**WHAT IS REQUIRED**
Below are the records; give again exactly the lines from the one containing "Remembering that layers" through the one containing "prachtige oude ketting, hele", leaving out pictures.

**TASK DATA**

⟨

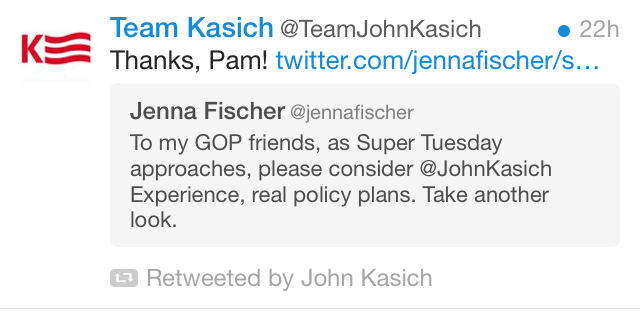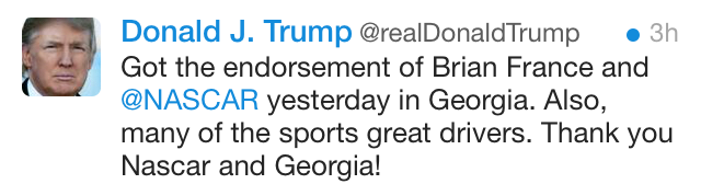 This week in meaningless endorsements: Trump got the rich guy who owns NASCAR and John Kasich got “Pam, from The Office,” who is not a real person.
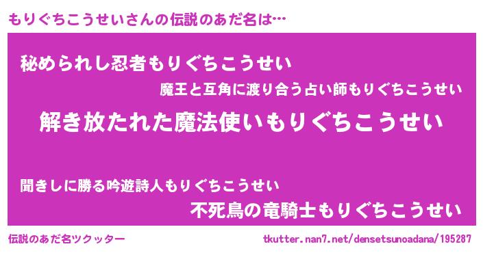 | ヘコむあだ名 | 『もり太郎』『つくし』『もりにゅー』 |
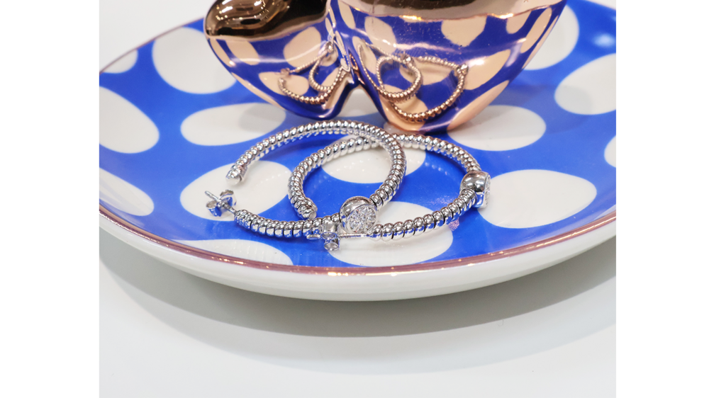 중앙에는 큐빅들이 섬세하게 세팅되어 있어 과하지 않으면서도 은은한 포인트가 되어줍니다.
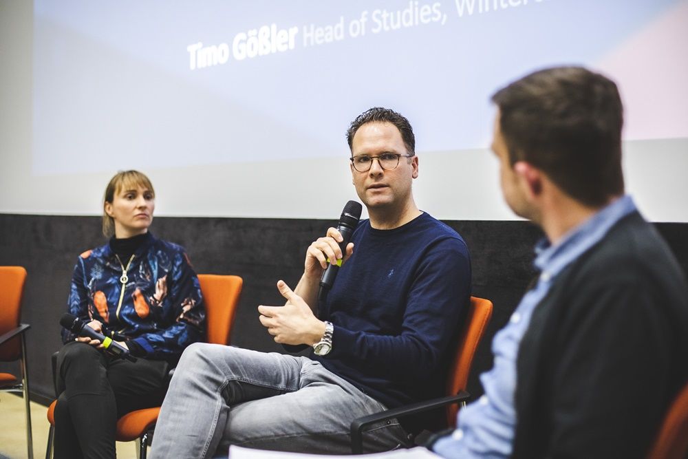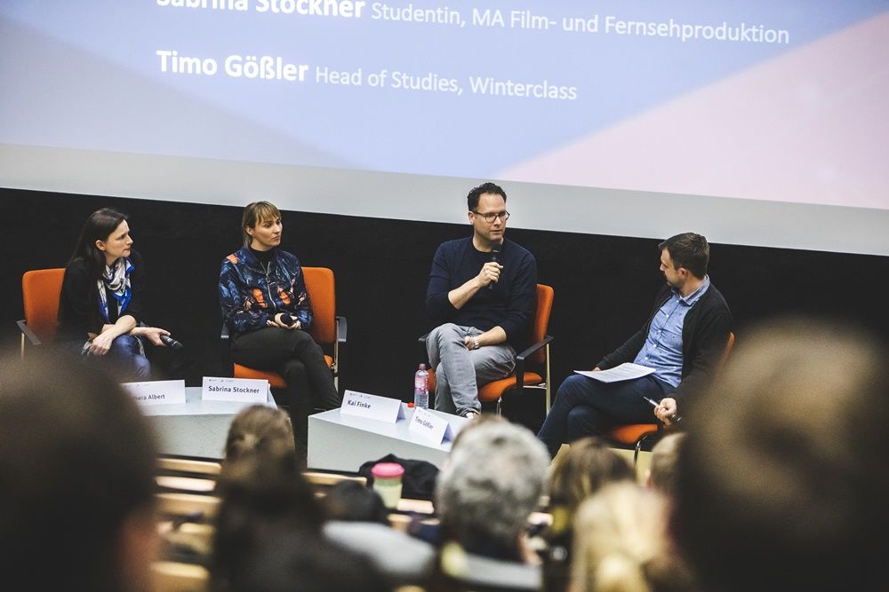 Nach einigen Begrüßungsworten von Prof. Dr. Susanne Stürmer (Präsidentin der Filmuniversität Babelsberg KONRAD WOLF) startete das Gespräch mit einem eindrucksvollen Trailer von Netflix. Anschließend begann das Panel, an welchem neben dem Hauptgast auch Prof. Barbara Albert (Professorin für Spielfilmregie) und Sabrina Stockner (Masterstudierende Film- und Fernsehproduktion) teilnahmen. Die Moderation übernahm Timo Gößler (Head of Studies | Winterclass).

⟩
⟨

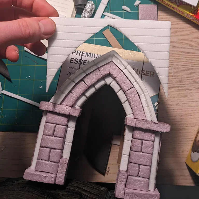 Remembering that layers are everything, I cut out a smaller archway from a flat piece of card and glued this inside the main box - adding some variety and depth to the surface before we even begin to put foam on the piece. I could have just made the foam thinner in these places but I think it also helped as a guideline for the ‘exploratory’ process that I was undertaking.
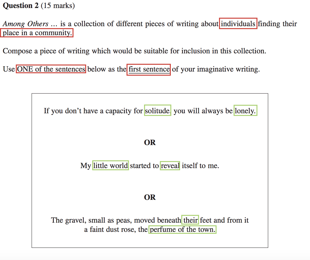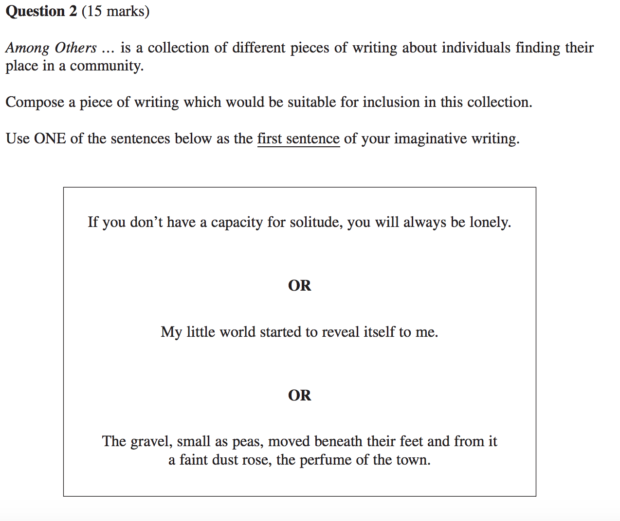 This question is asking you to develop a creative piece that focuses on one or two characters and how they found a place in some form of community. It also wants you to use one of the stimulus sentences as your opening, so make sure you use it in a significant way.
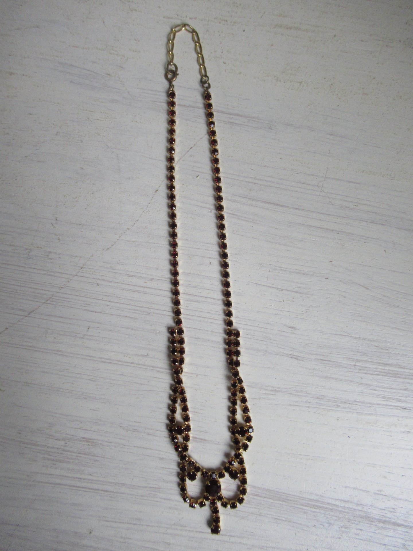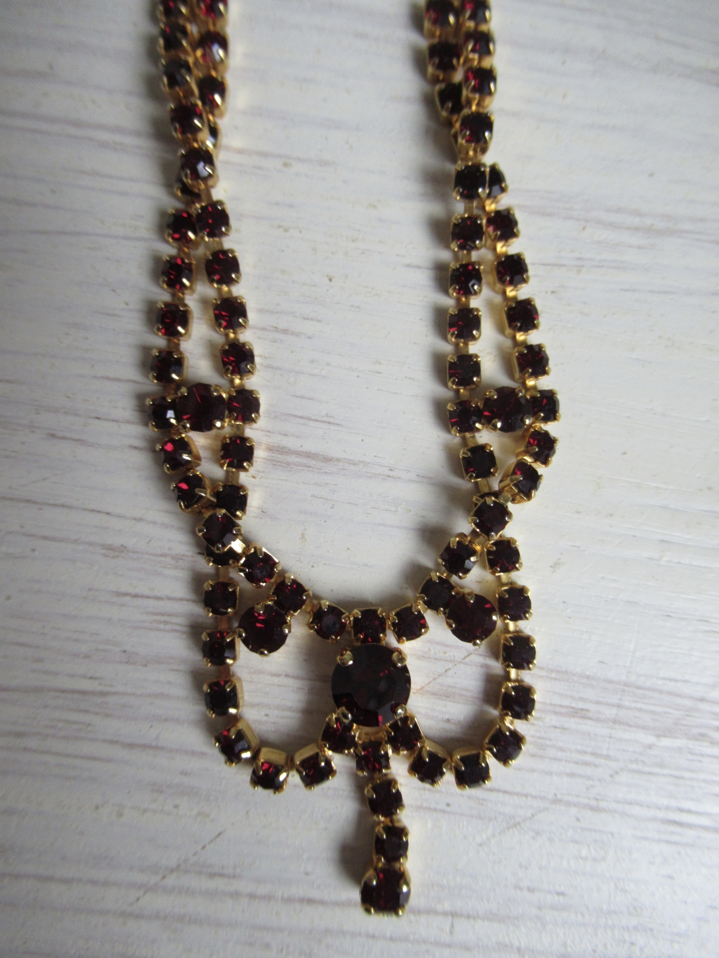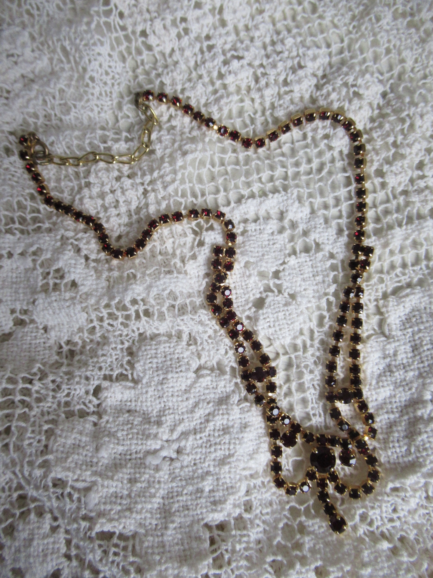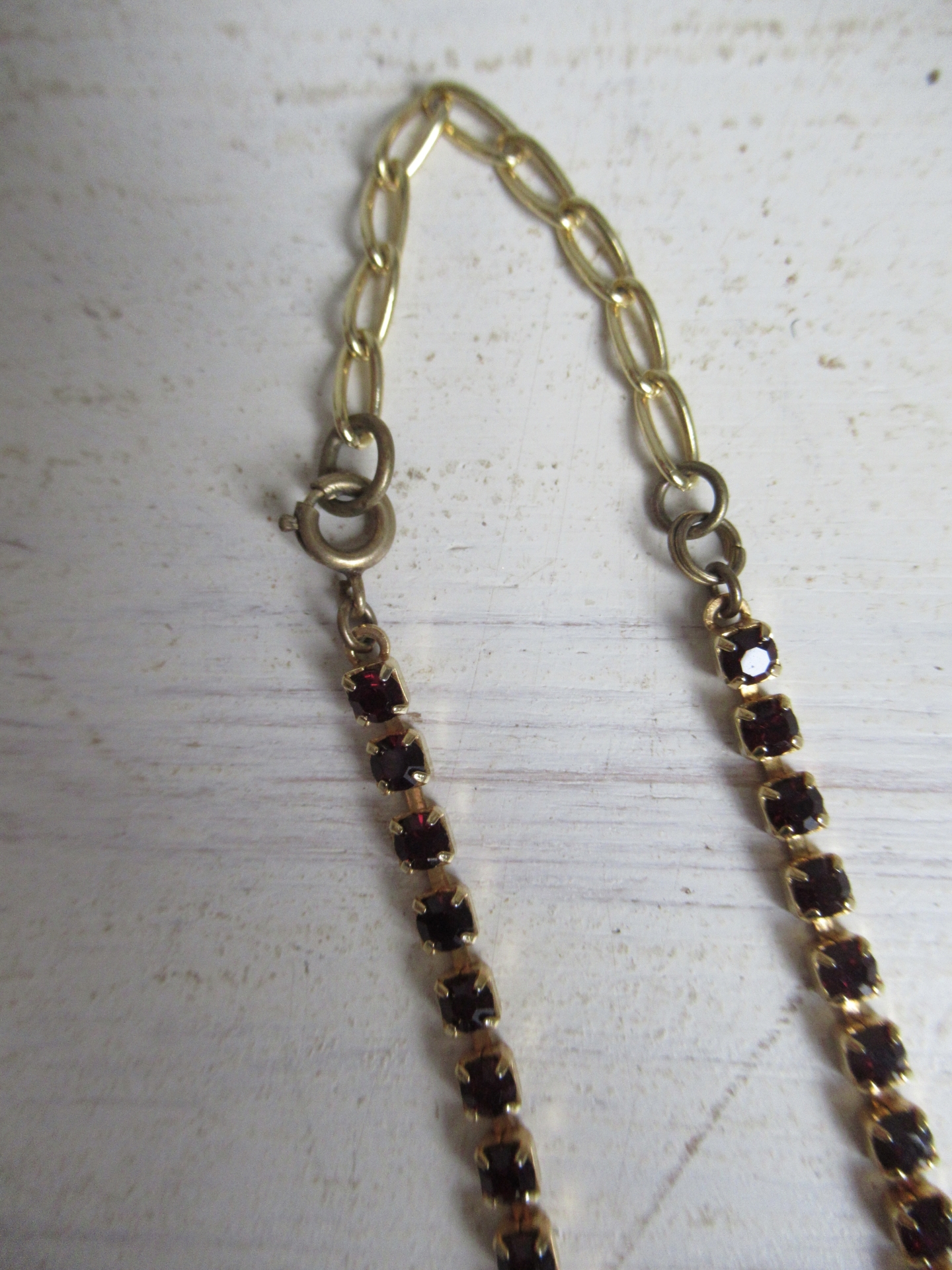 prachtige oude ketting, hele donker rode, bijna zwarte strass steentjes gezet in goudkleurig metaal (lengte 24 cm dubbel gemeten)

⟩
⟨

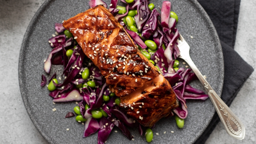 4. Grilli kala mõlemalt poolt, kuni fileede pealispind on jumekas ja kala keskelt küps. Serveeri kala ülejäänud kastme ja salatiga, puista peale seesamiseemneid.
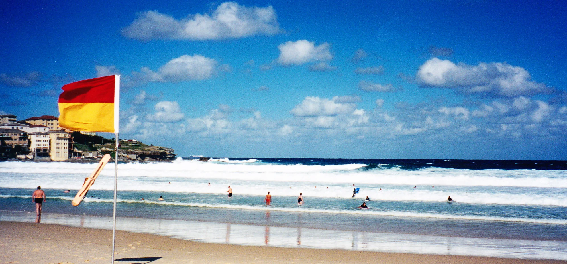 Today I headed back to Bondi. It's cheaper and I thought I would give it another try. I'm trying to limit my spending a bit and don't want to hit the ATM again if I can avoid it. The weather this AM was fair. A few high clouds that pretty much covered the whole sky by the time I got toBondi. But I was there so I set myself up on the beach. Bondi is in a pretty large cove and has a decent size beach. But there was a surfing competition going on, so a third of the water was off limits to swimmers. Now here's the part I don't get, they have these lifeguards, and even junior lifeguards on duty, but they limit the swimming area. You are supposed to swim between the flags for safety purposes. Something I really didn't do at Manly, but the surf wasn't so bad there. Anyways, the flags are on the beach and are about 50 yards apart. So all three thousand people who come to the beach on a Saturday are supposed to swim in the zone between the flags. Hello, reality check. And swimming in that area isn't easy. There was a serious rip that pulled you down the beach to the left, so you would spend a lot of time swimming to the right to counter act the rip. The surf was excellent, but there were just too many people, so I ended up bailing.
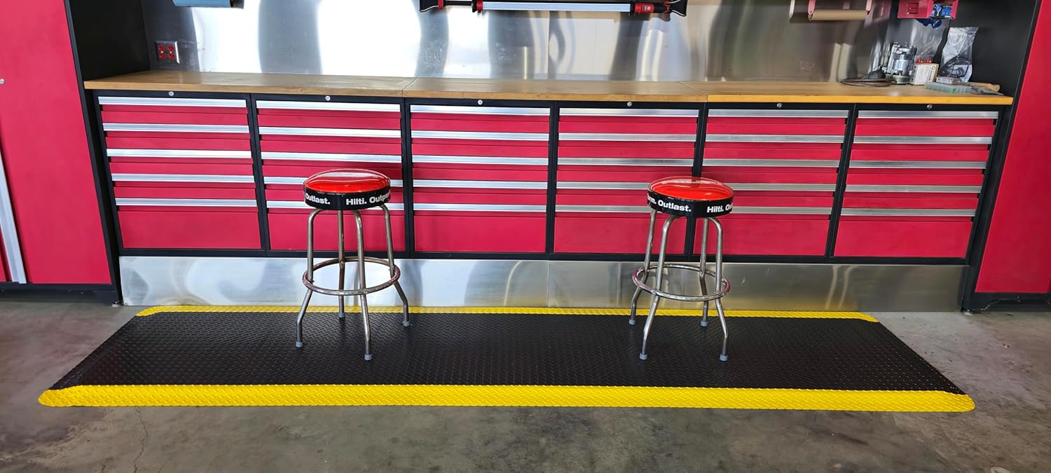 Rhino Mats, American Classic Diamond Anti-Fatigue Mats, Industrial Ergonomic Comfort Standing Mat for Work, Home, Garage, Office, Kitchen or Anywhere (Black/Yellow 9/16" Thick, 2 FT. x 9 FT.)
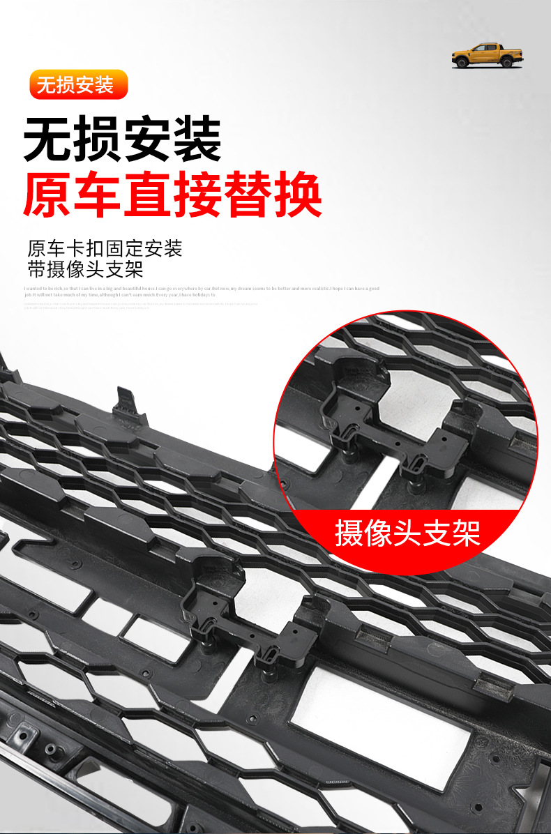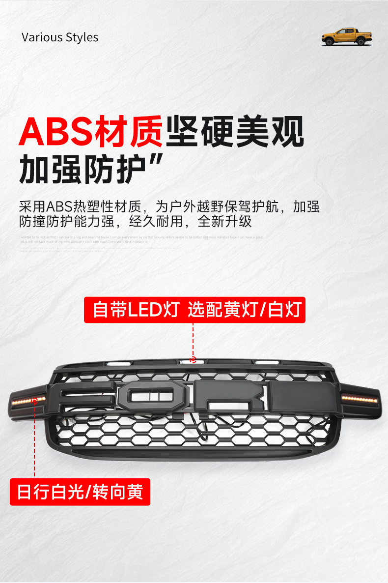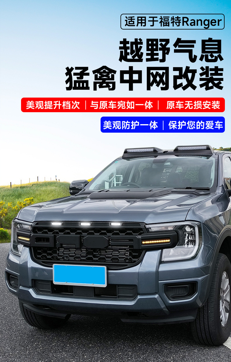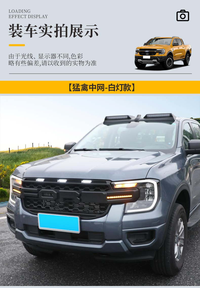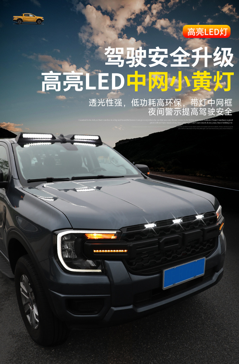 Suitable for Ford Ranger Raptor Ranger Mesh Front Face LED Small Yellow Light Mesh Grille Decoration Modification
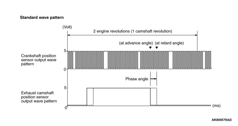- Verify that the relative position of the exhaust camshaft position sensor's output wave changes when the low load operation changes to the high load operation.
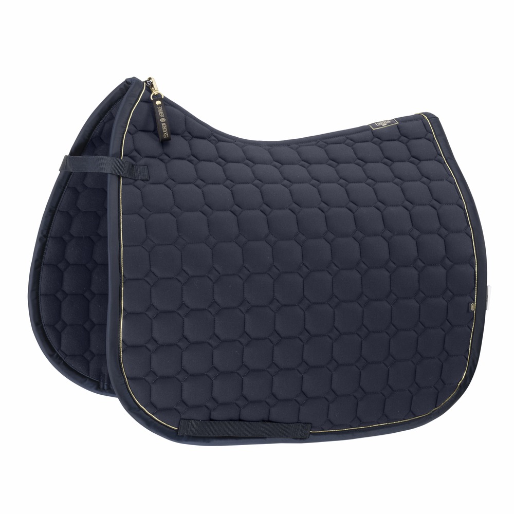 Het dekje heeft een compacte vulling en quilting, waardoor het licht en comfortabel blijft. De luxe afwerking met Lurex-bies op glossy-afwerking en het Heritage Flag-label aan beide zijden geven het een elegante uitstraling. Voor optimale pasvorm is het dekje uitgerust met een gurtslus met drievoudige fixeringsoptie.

⟩

**ANSWER FOR THIS EXERCISE**
 Remembering that layers are everything, I cut out a smaller archway from a flat piece of card and glued this inside the main box - adding some variety and depth to the surface before we even begin to put foam on the piece. I could have just made the foam thinner in these places but I think it also helped as a guideline for the ‘exploratory’ process that I was undertaking.
 This question is asking you to develop a creative piece that focuses on one or two characters and how they found a place in some form of community. It also wants you to use one of the stimulus sentences as your opening, so make sure you use it in a significant way.
 prachtige oude ketting, hele donker rode, bijna zwarte strass steentjes gezet in goudkleurig metaal (lengte 24 cm dubbel gemeten)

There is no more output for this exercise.